### YOUR ASSIGNMENT
Pictures stay out of the output. Return exactly the lines below from the one with "Открытая упаковка разноцветных" down to the one with "PHILIPS 电动牙刷 飞利浦(PHILIPS)电动牙刷小羽刷成人声波v电动牙刷", both included, and nothing more.
Start of INFORMATION
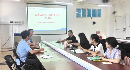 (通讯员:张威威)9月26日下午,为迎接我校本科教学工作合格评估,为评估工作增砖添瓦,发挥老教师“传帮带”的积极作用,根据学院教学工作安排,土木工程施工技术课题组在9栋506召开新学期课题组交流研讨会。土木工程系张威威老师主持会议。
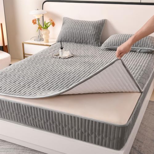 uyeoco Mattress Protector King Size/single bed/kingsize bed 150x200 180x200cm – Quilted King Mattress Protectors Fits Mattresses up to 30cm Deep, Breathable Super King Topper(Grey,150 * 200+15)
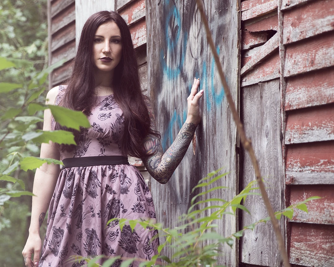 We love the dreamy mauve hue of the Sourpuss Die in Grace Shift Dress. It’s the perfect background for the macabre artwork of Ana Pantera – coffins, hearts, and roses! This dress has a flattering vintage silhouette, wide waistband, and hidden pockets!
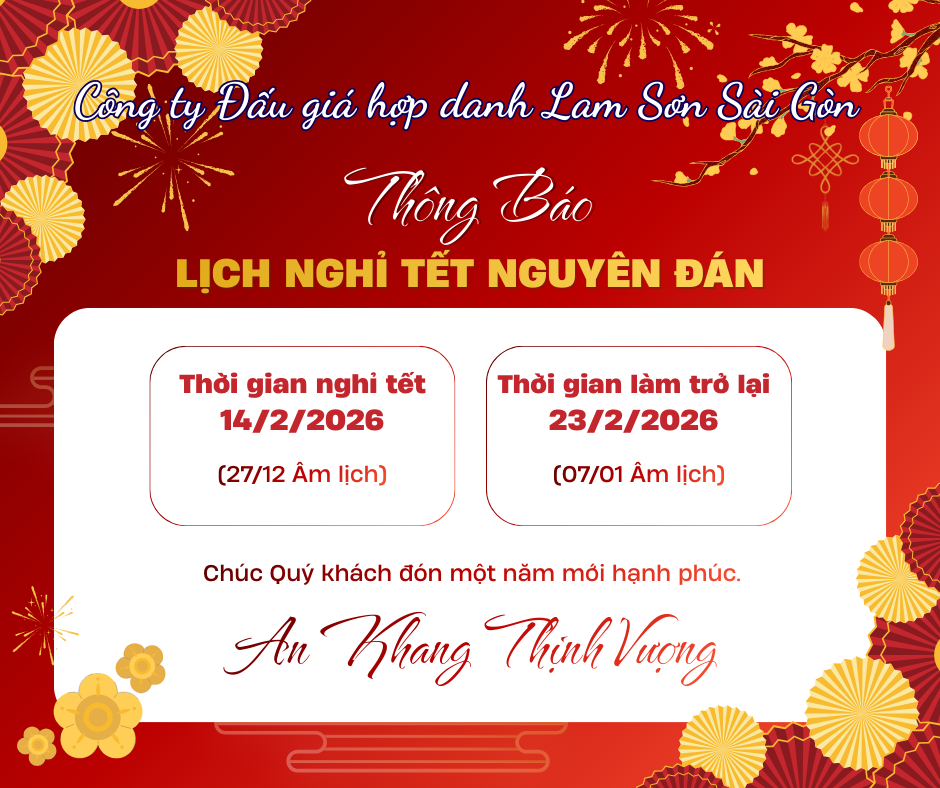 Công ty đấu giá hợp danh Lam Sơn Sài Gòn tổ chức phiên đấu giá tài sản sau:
End of INFORMATION
Start of INFORMATION
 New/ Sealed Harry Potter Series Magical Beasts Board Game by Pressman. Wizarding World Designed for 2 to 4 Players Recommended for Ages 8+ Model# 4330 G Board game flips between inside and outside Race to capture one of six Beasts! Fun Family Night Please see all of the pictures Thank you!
End of INFORMATION
Start of INFORMATION
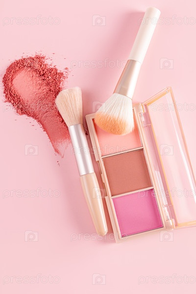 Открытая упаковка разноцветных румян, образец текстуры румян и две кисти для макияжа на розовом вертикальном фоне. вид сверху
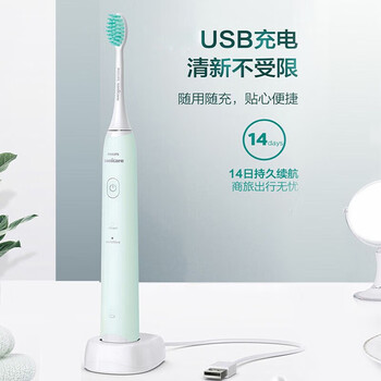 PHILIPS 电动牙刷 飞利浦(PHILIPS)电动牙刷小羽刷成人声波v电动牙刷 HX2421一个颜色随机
End of INFORMATION
### EXERCISE RESULT
 Открытая упаковка разноцветных румян, образец текстуры румян и две кисти для макияжа на розовом вертикальном фоне. вид сверху
 PHILIPS 电动牙刷 飞利浦(PHILIPS)电动牙刷小羽刷成人声波v电动牙刷 HX2421一个颜色随机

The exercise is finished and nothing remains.